> **Information supplied**:
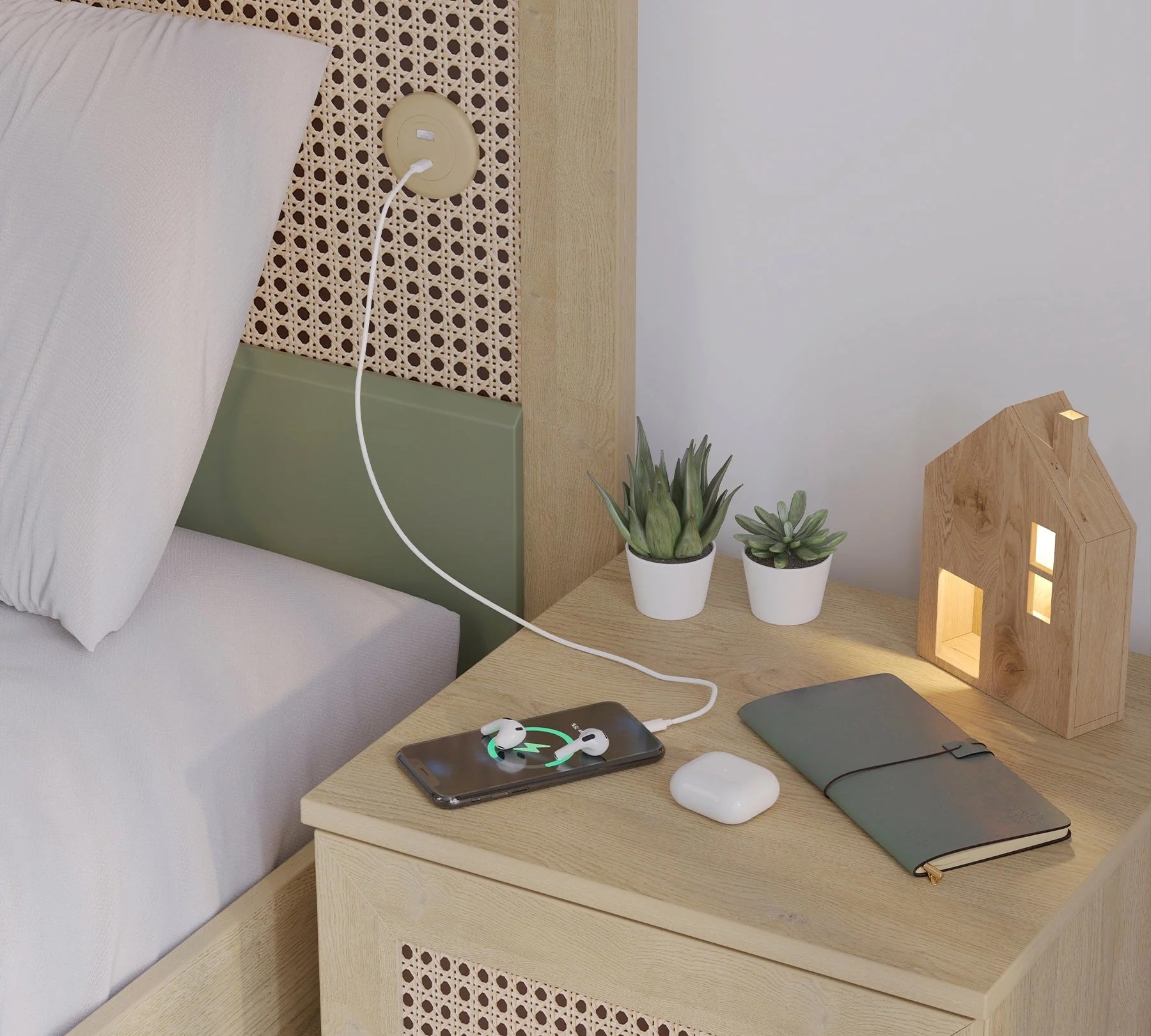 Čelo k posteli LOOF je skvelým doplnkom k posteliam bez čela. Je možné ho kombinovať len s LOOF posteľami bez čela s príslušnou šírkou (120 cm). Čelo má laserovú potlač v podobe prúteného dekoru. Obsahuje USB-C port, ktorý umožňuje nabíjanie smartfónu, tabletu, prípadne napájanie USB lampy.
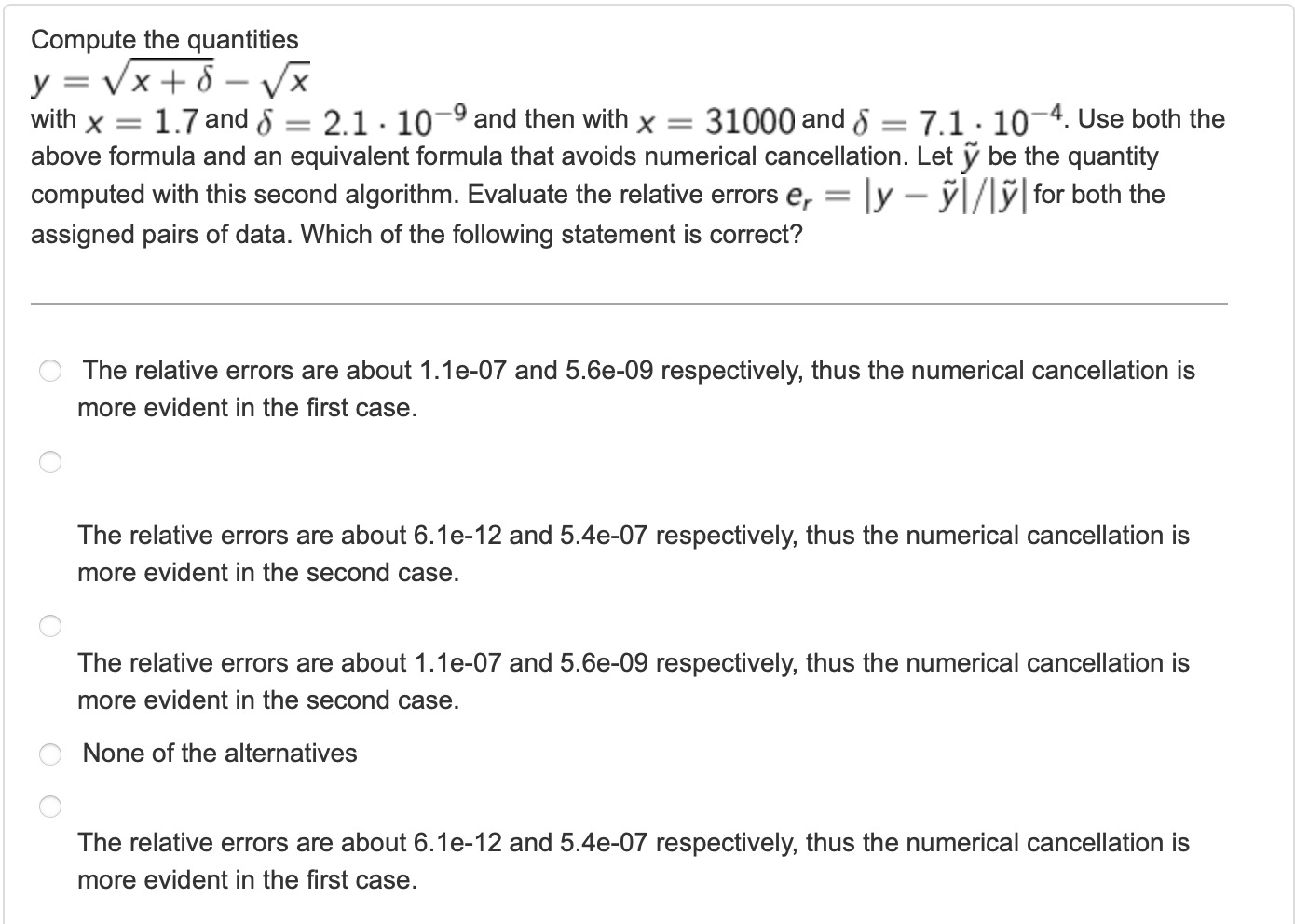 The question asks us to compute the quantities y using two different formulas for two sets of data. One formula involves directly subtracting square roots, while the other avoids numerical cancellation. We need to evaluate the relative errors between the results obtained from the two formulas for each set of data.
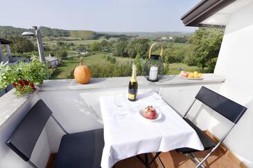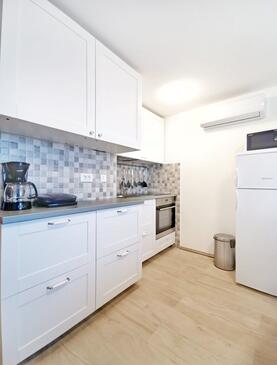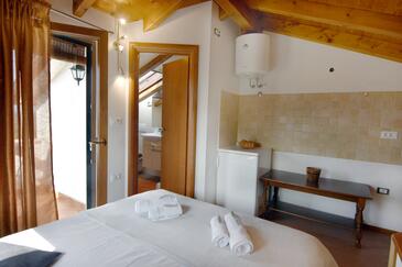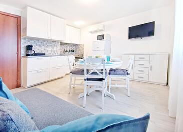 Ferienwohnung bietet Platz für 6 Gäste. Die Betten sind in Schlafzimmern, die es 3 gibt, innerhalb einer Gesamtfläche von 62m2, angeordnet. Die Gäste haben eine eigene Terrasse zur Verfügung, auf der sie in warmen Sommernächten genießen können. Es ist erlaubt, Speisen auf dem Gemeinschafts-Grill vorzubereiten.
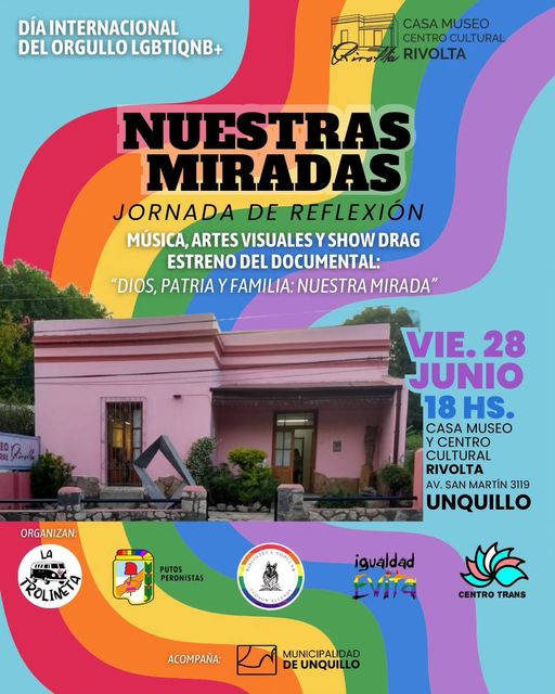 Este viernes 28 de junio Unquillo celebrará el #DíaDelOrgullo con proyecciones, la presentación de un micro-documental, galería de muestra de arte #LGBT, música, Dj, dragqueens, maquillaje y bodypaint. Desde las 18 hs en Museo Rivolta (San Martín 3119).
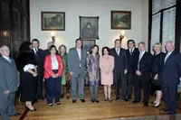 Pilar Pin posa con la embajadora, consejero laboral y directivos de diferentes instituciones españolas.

==

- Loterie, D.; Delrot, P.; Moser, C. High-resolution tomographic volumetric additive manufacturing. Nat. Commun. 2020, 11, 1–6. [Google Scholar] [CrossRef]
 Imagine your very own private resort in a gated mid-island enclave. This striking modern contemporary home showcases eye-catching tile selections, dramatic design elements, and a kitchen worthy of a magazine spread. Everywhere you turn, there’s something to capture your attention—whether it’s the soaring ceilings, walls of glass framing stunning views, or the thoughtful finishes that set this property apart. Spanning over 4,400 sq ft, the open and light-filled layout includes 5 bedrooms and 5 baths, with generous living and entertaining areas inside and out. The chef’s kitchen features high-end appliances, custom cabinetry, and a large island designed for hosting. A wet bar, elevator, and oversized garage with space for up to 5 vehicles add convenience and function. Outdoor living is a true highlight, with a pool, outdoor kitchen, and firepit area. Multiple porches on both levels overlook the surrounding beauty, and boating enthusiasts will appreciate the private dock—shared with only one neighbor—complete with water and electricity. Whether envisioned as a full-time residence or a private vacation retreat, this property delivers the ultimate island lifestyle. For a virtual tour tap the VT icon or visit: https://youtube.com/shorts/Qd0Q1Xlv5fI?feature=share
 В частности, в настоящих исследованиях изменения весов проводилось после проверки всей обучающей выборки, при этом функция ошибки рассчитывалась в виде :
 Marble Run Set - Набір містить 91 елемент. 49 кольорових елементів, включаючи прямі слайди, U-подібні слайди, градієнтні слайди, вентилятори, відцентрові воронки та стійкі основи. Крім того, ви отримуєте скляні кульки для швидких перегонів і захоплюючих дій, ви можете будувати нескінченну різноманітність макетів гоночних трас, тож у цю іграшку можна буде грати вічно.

> **Requirement**: What you return must be an exact retyping of the lines above starting at the line with "В частности, в" and ending at the line with "Marble Run Set", and nothing besides.

> **Solution for this problem**:
 В частности, в настоящих исследованиях изменения весов проводилось после проверки всей обучающей выборки, при этом функция ошибки рассчитывалась в виде :
 Marble Run Set - Набір містить 91 елемент. 49 кольорових елементів, включаючи прямі слайди, U-подібні слайди, градієнтні слайди, вентилятори, відцентрові воронки та стійкі основи. Крім того, ви отримуєте скляні кульки для швидких перегонів і захоплюючих дій, ви можете будувати нескінченну різноманітність макетів гоночних трас, тож у цю іграшку можна буде грати вічно.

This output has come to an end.